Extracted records

____________________

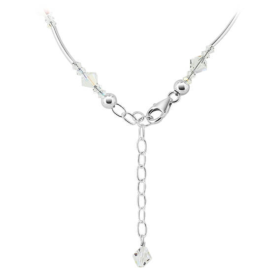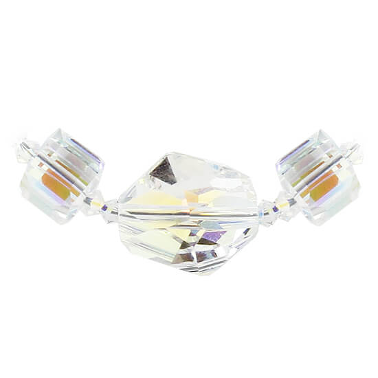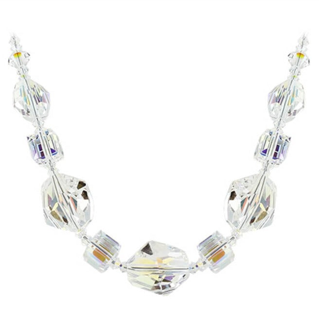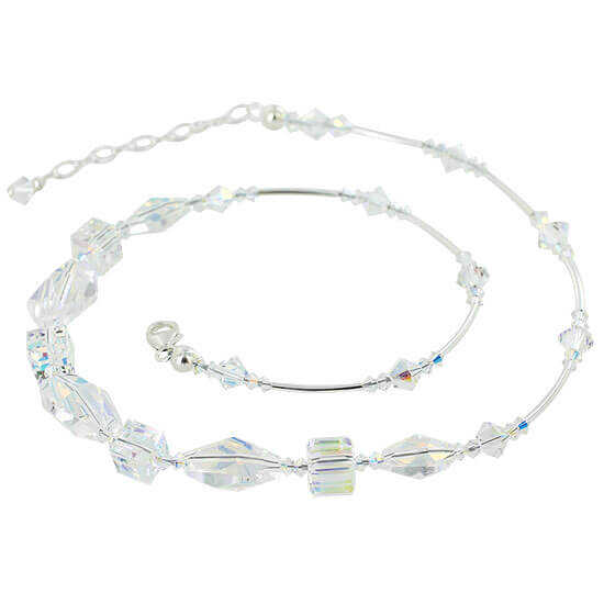 You will fall in love with this crystal necklace. Crafted from 925 sterling silver, the necklace features clear AB Austrian crystals. The crystals featured are 3 mm bicones with polygon and square shapes. This necklace comes with a lobster claw clasp to help secure it into place effectively. A wonderful addition to any jewelry collection, get yours now. Enhance your jewelry collection with this stunning sterling silver necklace featuring exquisite AB Austrian crystals in various geometric shapes.
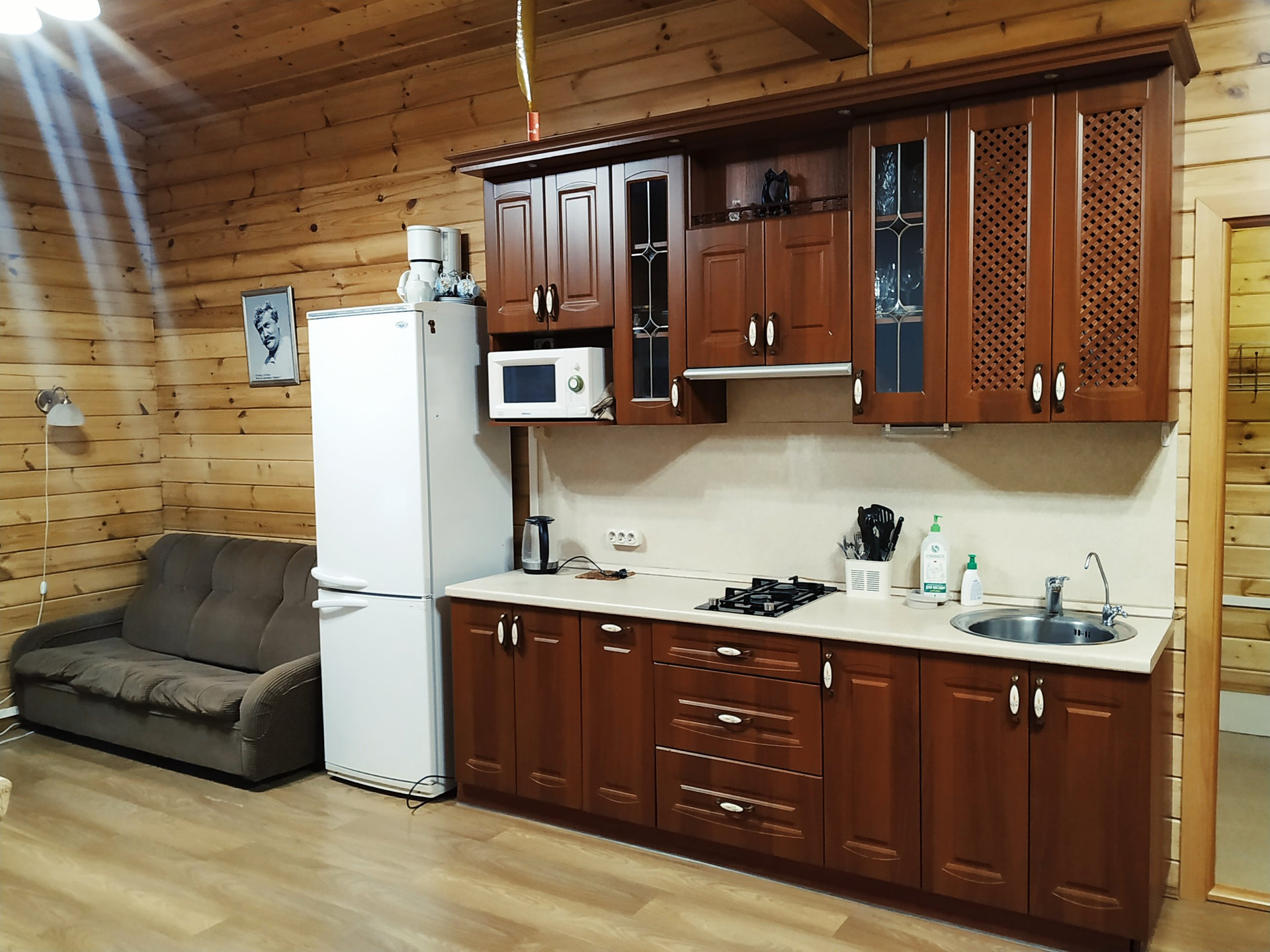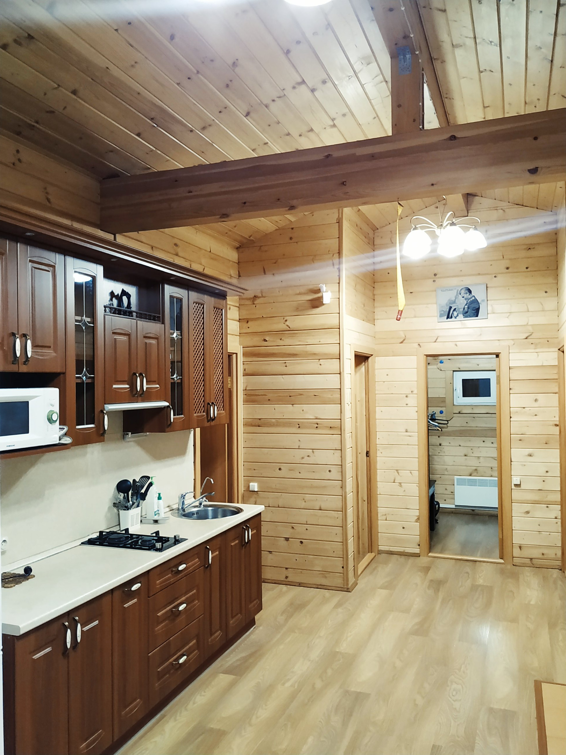 В доме: кухня- гостинная, 2е спальни, санузел , помещение под сауну.
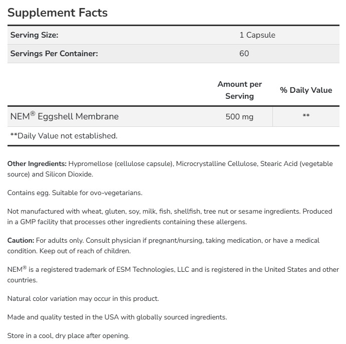 NOW Eggshell Membrane 500 mg / 60 Caps
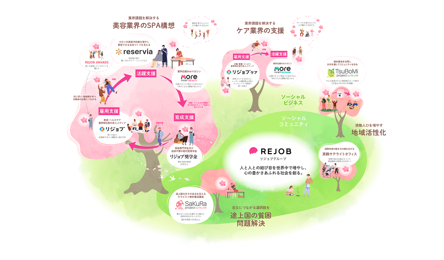 …ちなみにマップの左上にある『美容業界のSPA構想』は、「企画・製造・小売」というアパレル業界のSPAのモデルを美容業界向けにリジョブ流にアレンジして、『美容業界の育成支援・雇用支援・活躍支援』という流れに置き換えたものです。各ステージを一気通貫支援するビジネスや取り組みを通して、リジョブでは業界従事者が「長く、自分らしく」活躍し続けられる世の中を目指しています。
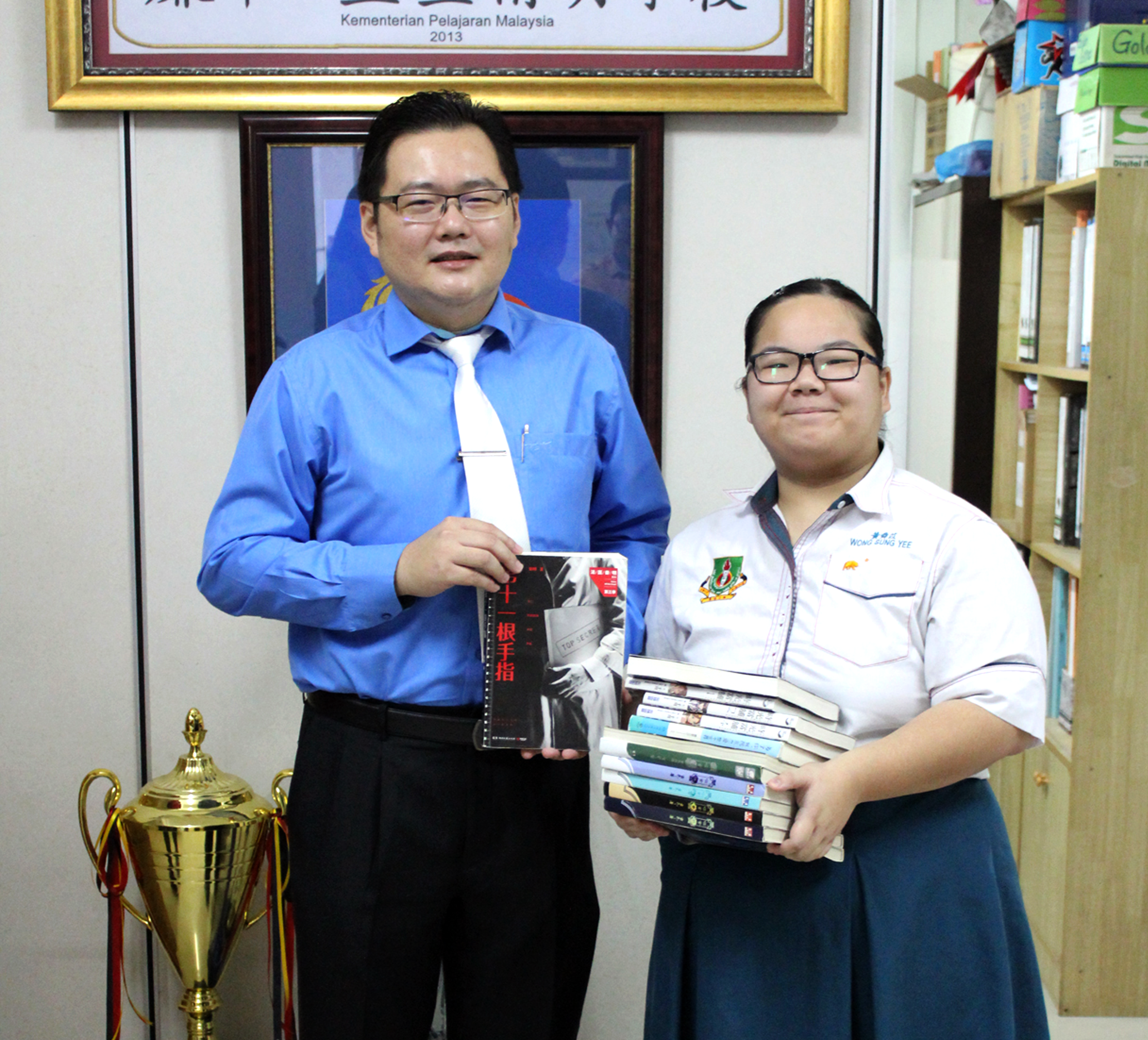 (美里讯)廉律中学阅读风气提升,高二班学生黄舜苡捐赠12本藏书予学校图书馆,让大家都有机会阅读。
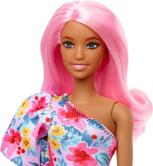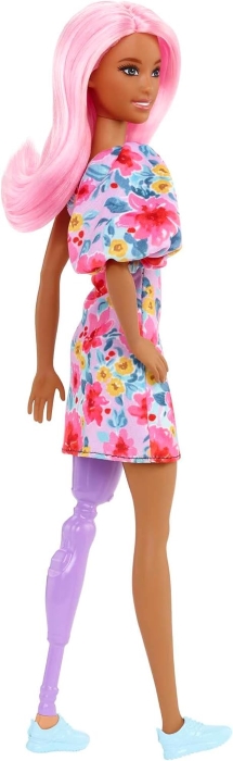 Egy Barbie Fashionistas sorozatba tartozó baba, aki élénk rózsaszín hajjal és virágmintás ruhában érkezik. A figura jobb lába protézissel készült, és fehér tornacipőt valamint napszemüveget visel. A csomag a babát és a kiegészítőket tartalmazza, de más játékokat vagy babákat nem tartalmaz. A baba mozgatható végtagokkal rendelkezik, és 3-éves kortól alkalmas játékra.
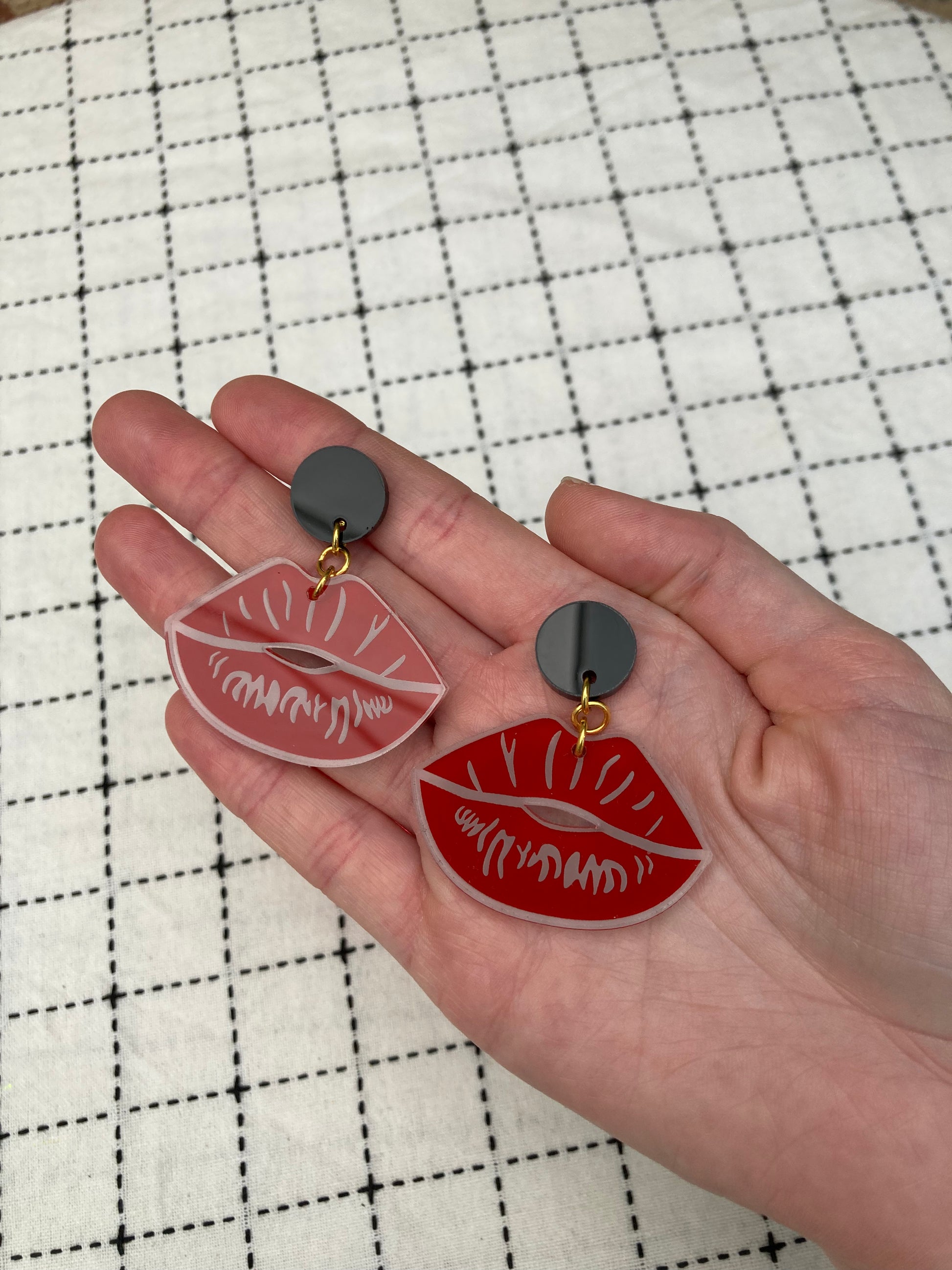 Red printed acrylic lip charms suspended from shiny black discs with gold metal findings for Valentines or a hot date. Photographed alongside the Full House Earrings
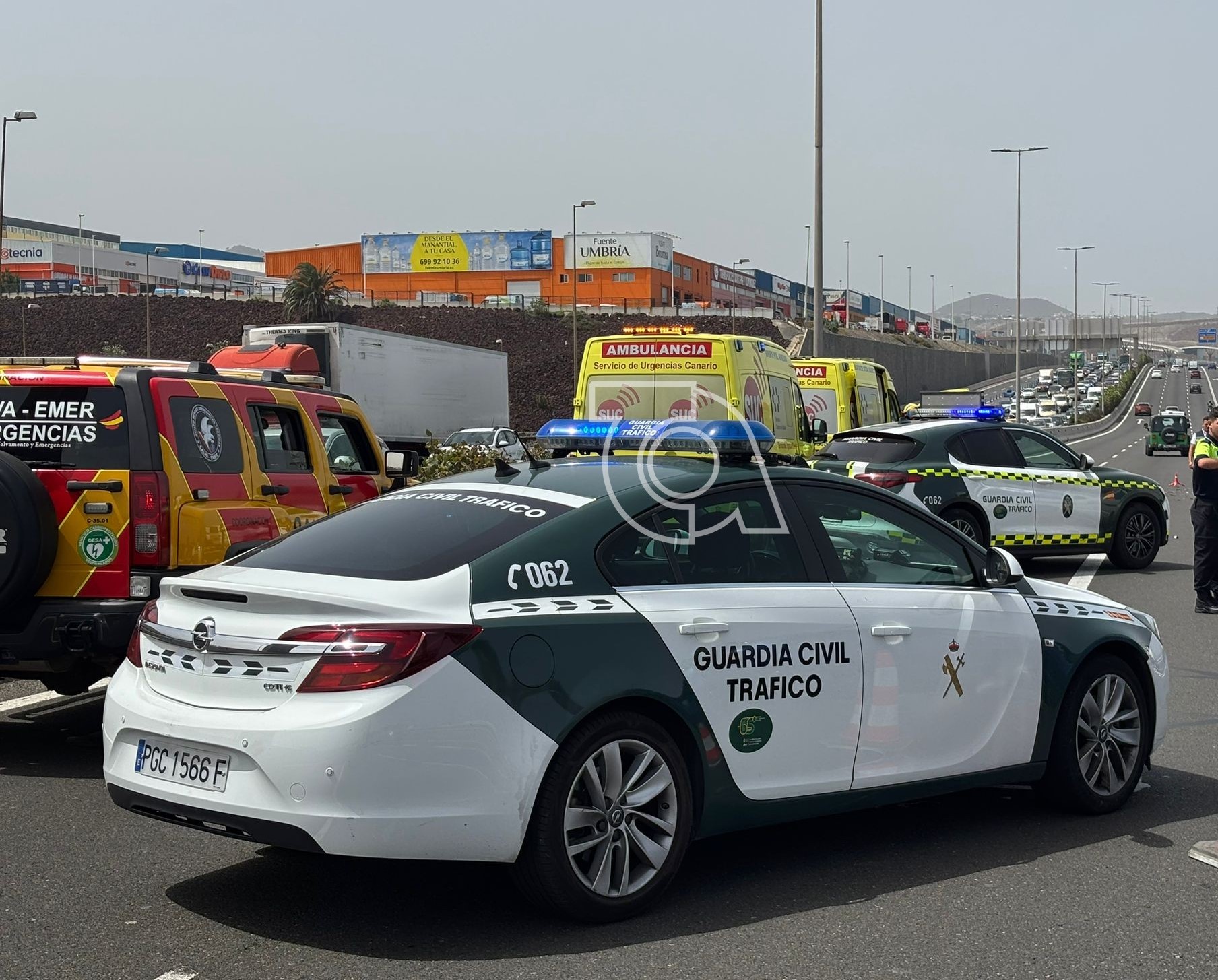 Según las primeras informaciones, varios vehículos se han visto implicados en la colisión, lo que ha generado un colapso total del tráfico en esta zona de la principal arteria viaria de la Isla.

____________________

* Exercise objective
Nothing but an exact copy of the data, without pictures, should be returned.

* Result of the task
 You will fall in love with this crystal necklace. Crafted from 925 sterling silver, the necklace features clear AB Austrian crystals. The crystals featured are 3 mm bicones with polygon and square shapes. This necklace comes with a lobster claw clasp to help secure it into place effectively. A wonderful addition to any jewelry collection, get yours now. Enhance your jewelry collection with this stunning sterling silver necklace featuring exquisite AB Austrian crystals in various geometric shapes.
 В доме: кухня- гостинная, 2е спальни, санузел , помещение под сауну.
 NOW Eggshell Membrane 500 mg / 60 Caps
 …ちなみにマップの左上にある『美容業界のSPA構想』は、「企画・製造・小売」というアパレル業界のSPAのモデルを美容業界向けにリジョブ流にアレンジして、『美容業界の育成支援・雇用支援・活躍支援』という流れに置き換えたものです。各ステージを一気通貫支援するビジネスや取り組みを通して、リジョブでは業界従事者が「長く、自分らしく」活躍し続けられる世の中を目指しています。
 (美里讯)廉律中学阅读风气提升,高二班学生黄舜苡捐赠12本藏书予学校图书馆,让大家都有机会阅读。
 Egy Barbie Fashionistas sorozatba tartozó baba, aki élénk rózsaszín hajjal és virágmintás ruhában érkezik. A figura jobb lába protézissel készült, és fehér tornacipőt valamint napszemüveget visel. A csomag a babát és a kiegészítőket tartalmazza, de más játékokat vagy babákat nem tartalmaz. A baba mozgatható végtagokkal rendelkezik, és 3-éves kortól alkalmas játékra.
 Red printed acrylic lip charms suspended from shiny black discs with gold metal findings for Valentines or a hot date. Photographed alongside the Full House Earrings
 Según las primeras informaciones, varios vehículos se han visto implicados en la colisión, lo que ha generado un colapso total del tráfico en esta zona de la principal arteria viaria de la Isla.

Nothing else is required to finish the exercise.